Murji'ah dan Khawarij adalah dua contoh yang menonjol dalam hal ini.
Murji'ah dalam usahanya untuk selalu menjaga citra pemimpin-pemimpin zalim mereka, menganggap iman yang nampak dan pengakuan sebagai Muslim serta segala yang bersifat lahir sebagai parameter utama yang tidak terpengaruh oleh segala dosa besar dan maksiat, meskipun sampai pada batas menumpahkan darah Ahlulbait As juga.
Di sisi lain, Khawarij dalam usahanya untuk membenarkan kekerasan yang mereka lakukan terhadap sekte-sekte Islam yang lain, terus menerus menyebarkan faham setiap pelaku dosa besar dihukumi murtad atau telah keluar dari Islam. Muktazilah memiliki pandangan yang moderat, namun tetap kurang jelas.

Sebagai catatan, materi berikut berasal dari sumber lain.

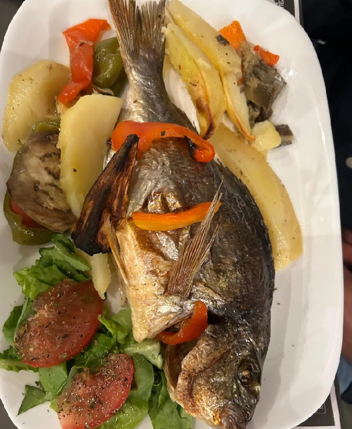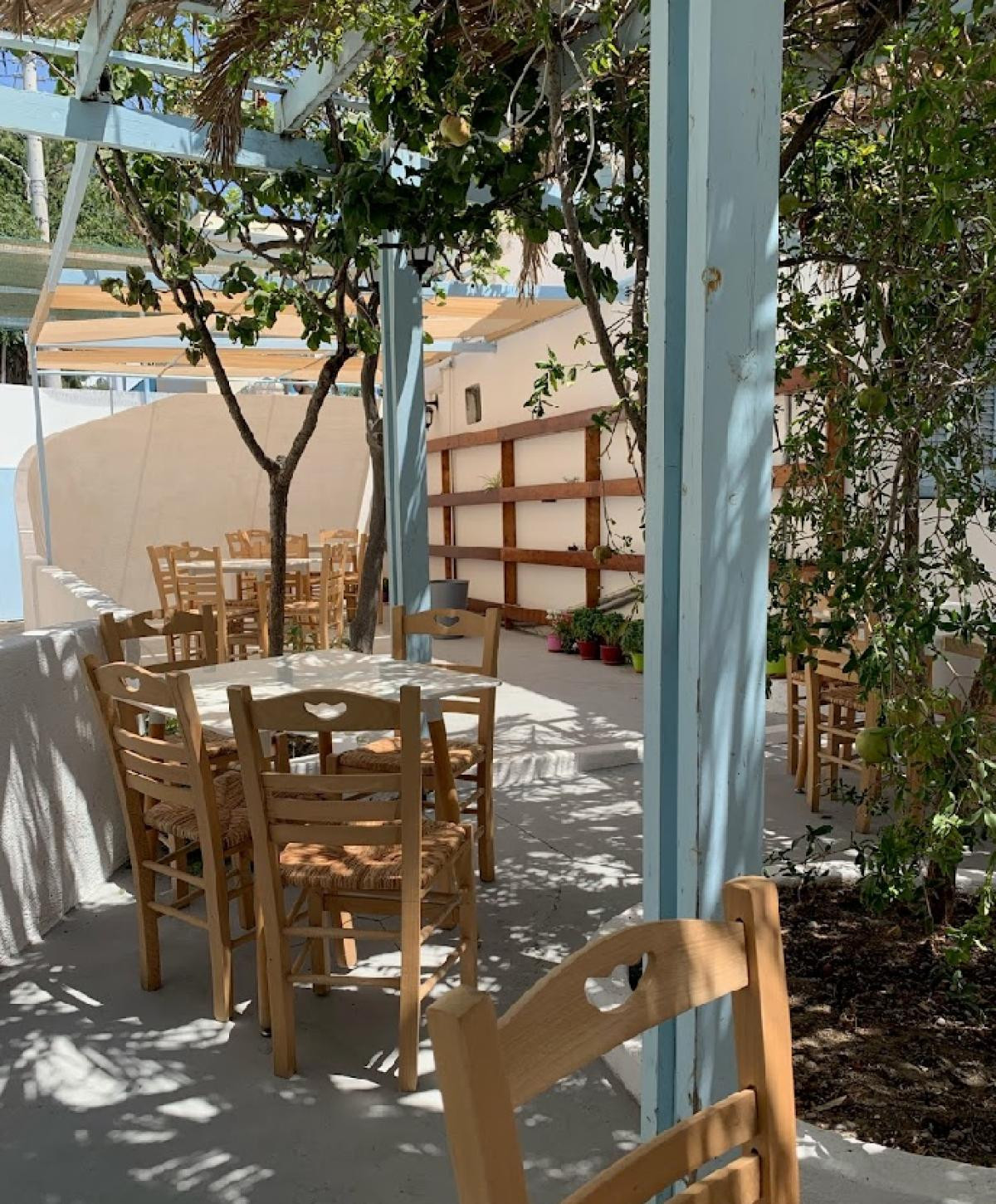 The space is decorated with traditional Cycladic elements, combining the white of the walls with blue and earth tones. The atmosphere is welcoming and relaxing, with romantic lighting at night. The menu includes a wide variety of traditional Greek dishes, such as fresh seafood, moussaka, souvlaki, village salad, and many appetizers.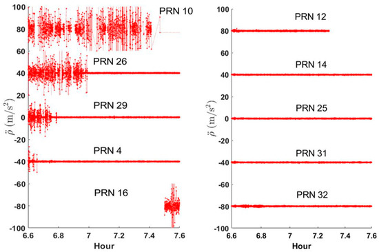 Range acceleration measurements for all 10 satellites observed during the test. Five plots on the left-hand side show satellites affected by signal obstruction (the multipath effect), while five plots on the right-hand side maintained clear LoS vectors. Except for PRN 29 and 25, vertical offsets were applied for clear visual interpretation.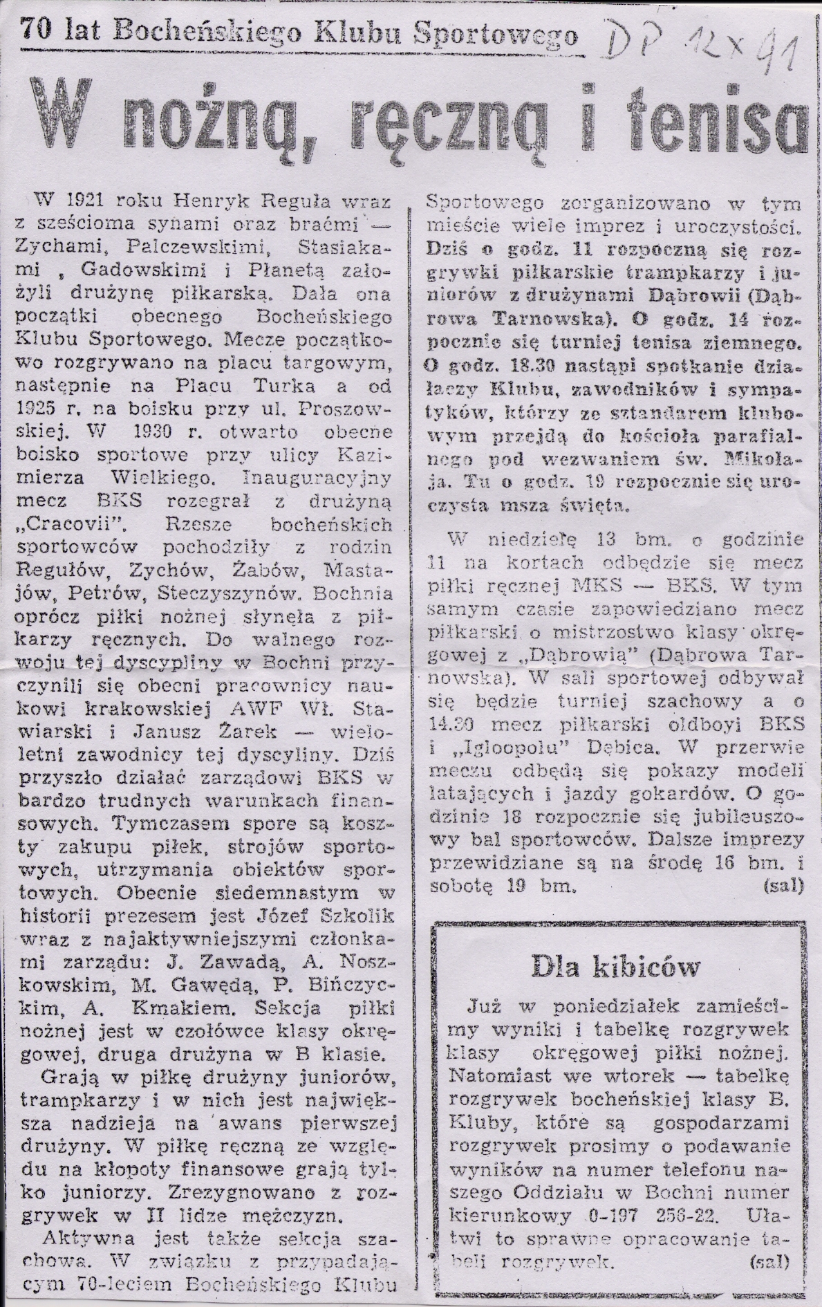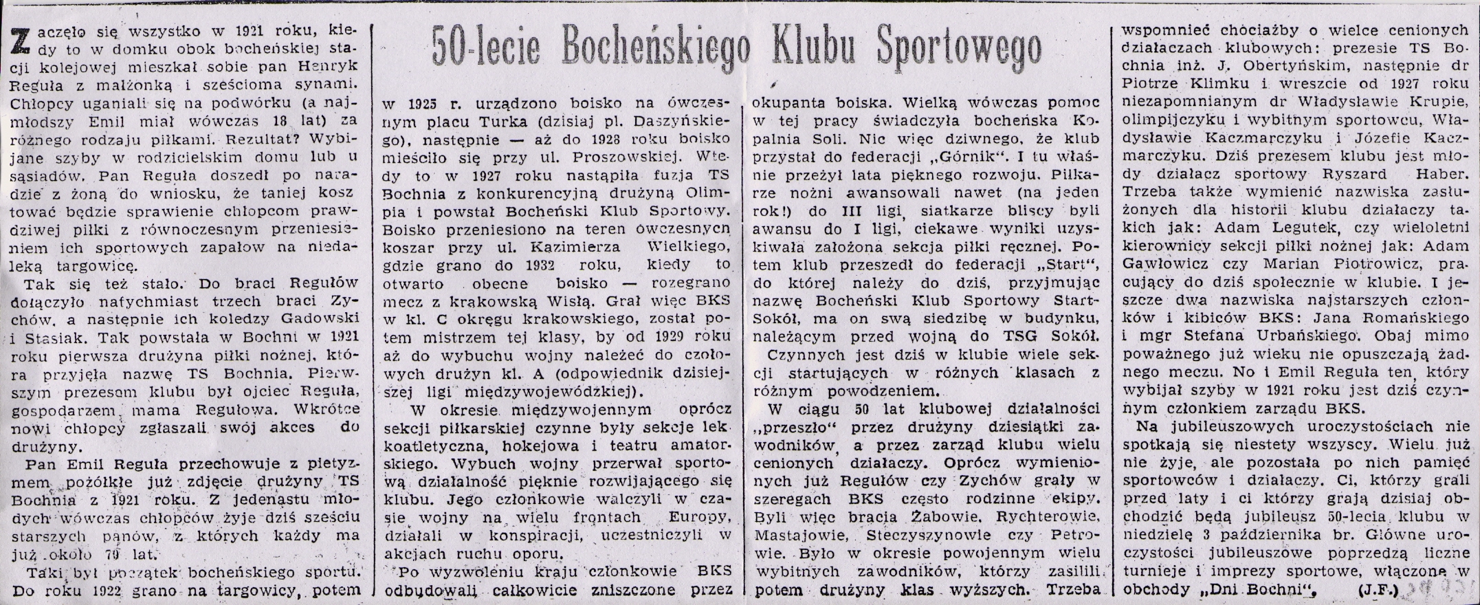 Mam nadzieję, że w związku z jubileuszem Klubu odbędzie się Nadzwyczajne Walne Zebranie Członków Bocheńskiego Klubu Sportowego, które jako najwyższa klubowa władza podejmie zdecydowane starania związane z odzyskaniem klubowych obiektów przejętych przez Miasto w do dziś niewyjaśnionych okolicznościach. (JZ)

Adapun yang dapat difahami dari ajaran Syiah, yang menjadi asas adalah iman, namun jelas sekali iman yang nyata menuntut amal dan orang beriman tidak mungkin terus menerus melakukan dosa besar atau bahkan dosa kecil. Orang yang beriman jika terkadang tergelincir dan berdosa, dengan beberapa cara ia dapat bertaubat dan mengharapkan rahmat Allah untuk diampuni dan Ia pun akan mengampuninya. Kalau tidak, maka dapat disimpulkan bahwa ia tidak memiliki iman yang sebenarnya dan hanya mengaku sebagai orang baik dan beriman. Orang yang tidak memiliki iman dan amal saleh yang sebenarnya, jelas tidak akan melewati ujian Ilahi dan di akhirat pintu nerakalah yang terbuka untuknya.
Pertama-tama perlu dijelaskan bahwa pembagian dosa-dosa besar dan kecil berasal dari ayat-ayat Al-Quran, seperti ayat 31 surah An-Nisa', ayat 37 surah Asy-Syura dan ayat 32 surah An-Najm.

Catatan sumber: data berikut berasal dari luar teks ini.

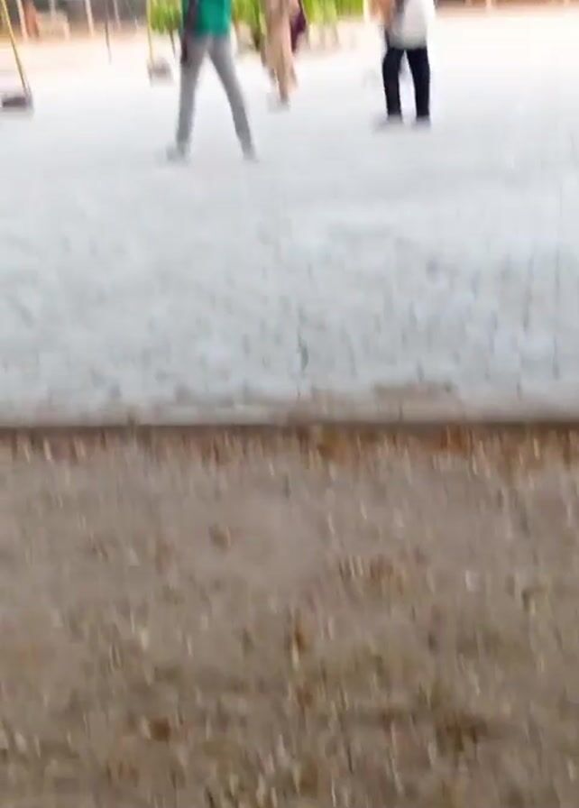 A video shows a group of people playing badminton on a paved court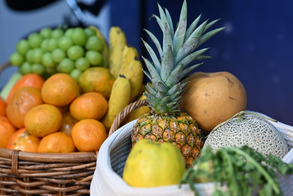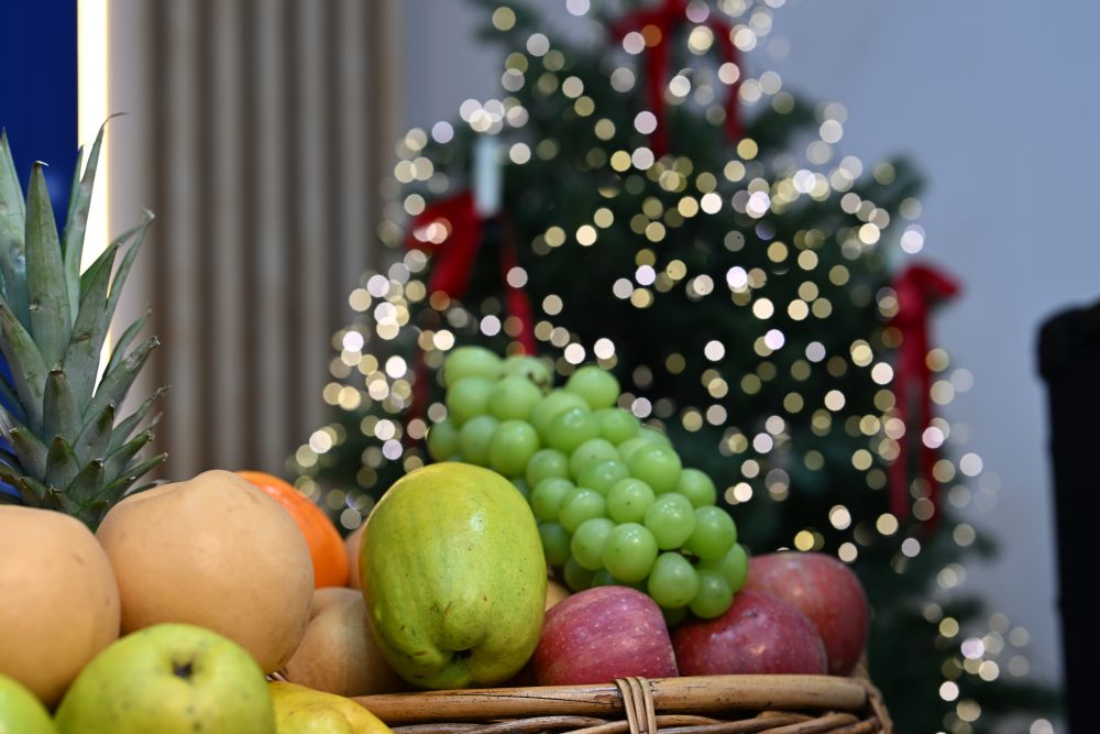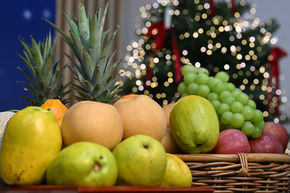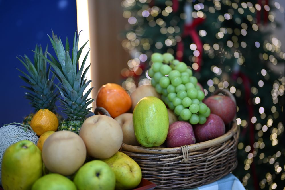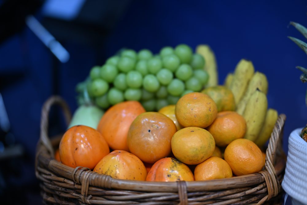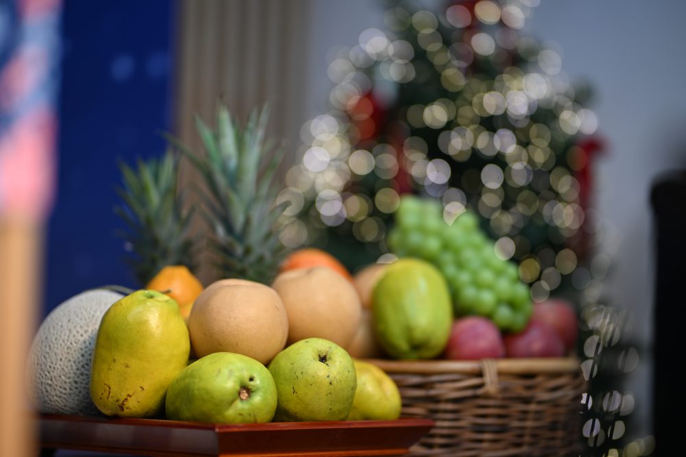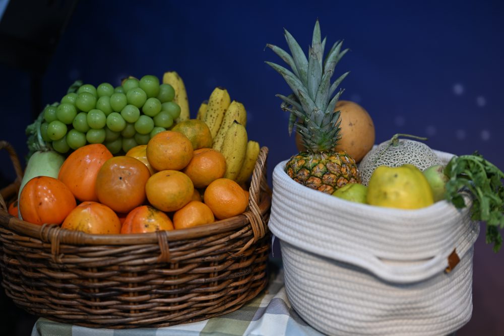 성도 여러분이 각 가정에서 가져온 과일들이 바구니에 예쁘게 모여 있네요

Karena Al-Quran tidak menjelaskan masalah-masalah seperti: Apa sajakah dosa-dosa besar itu? Bagaimana derajat orang yang melakukan dosa besar? Maka oleh karenanya banyak terjadi perdebatan sengit antara ulama dan pembesar sekte-sekte Islam.
Tentang masalah pertama, yakni tentang dosa apa sajakah yang disebut sebagai dosa besar, banyak sekali riwayat dalam kitab-kitab riwayat Syiah yang menjelaskannya.[1] Begitu juga sekte-sekte Islam lainnya, mereka telah mengkategorikan dosa-dosa tersebut dalam kitab-kitab teologi dan tafsir mereka.

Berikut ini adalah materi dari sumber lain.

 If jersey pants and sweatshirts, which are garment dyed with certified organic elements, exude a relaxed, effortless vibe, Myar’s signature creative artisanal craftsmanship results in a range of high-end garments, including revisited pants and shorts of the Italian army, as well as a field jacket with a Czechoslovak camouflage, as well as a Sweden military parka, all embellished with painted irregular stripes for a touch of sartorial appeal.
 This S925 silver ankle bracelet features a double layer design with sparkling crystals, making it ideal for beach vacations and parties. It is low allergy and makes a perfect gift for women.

Adapun tentang masalah yang kedua, ada baiknya kami jelaskan hal-hal berikut ini:
1. Mengenai kedudukan pelaku dosa besar menurut sekte-sekte Islam, lebih sering disimpulkan tidak berdasarkan ajaran-ajaran Islam, namun terpengaruh dengan faktor-faktor politik. Silahkan Anda perhatikan fakta-fakta berikut ini:
1.1. Murji'ah: Berpandangan bahwa antara iman dan amal, iman-lah yang lebih asasi; yakni jika seseorang mengucapkan dua syahadat dan menjadi Muslim, maka dosa apapun yang ia perbuat tidak masalah dan takkan menghalanginya masuk surga di akhirat nanti. Pemikiran seperti ini mendapatkan dukungan keras oleh pemerintahan Umawi, karena mereka menganggap orang-orang pemerintahan meskipun pernah membunuh Ahlulbait dan orang-orang tak berdosa, meminum minuman keras, dan lain sebagainya, sebagai orang yang bakal mendapatkan keselamatan dan masuk surga; karena mereka semua menunjukkan keimanan secara lahiriah dan melakukan berbagai syiar-syiar agama seperti salat, puasa, haji dan lain sebagainya.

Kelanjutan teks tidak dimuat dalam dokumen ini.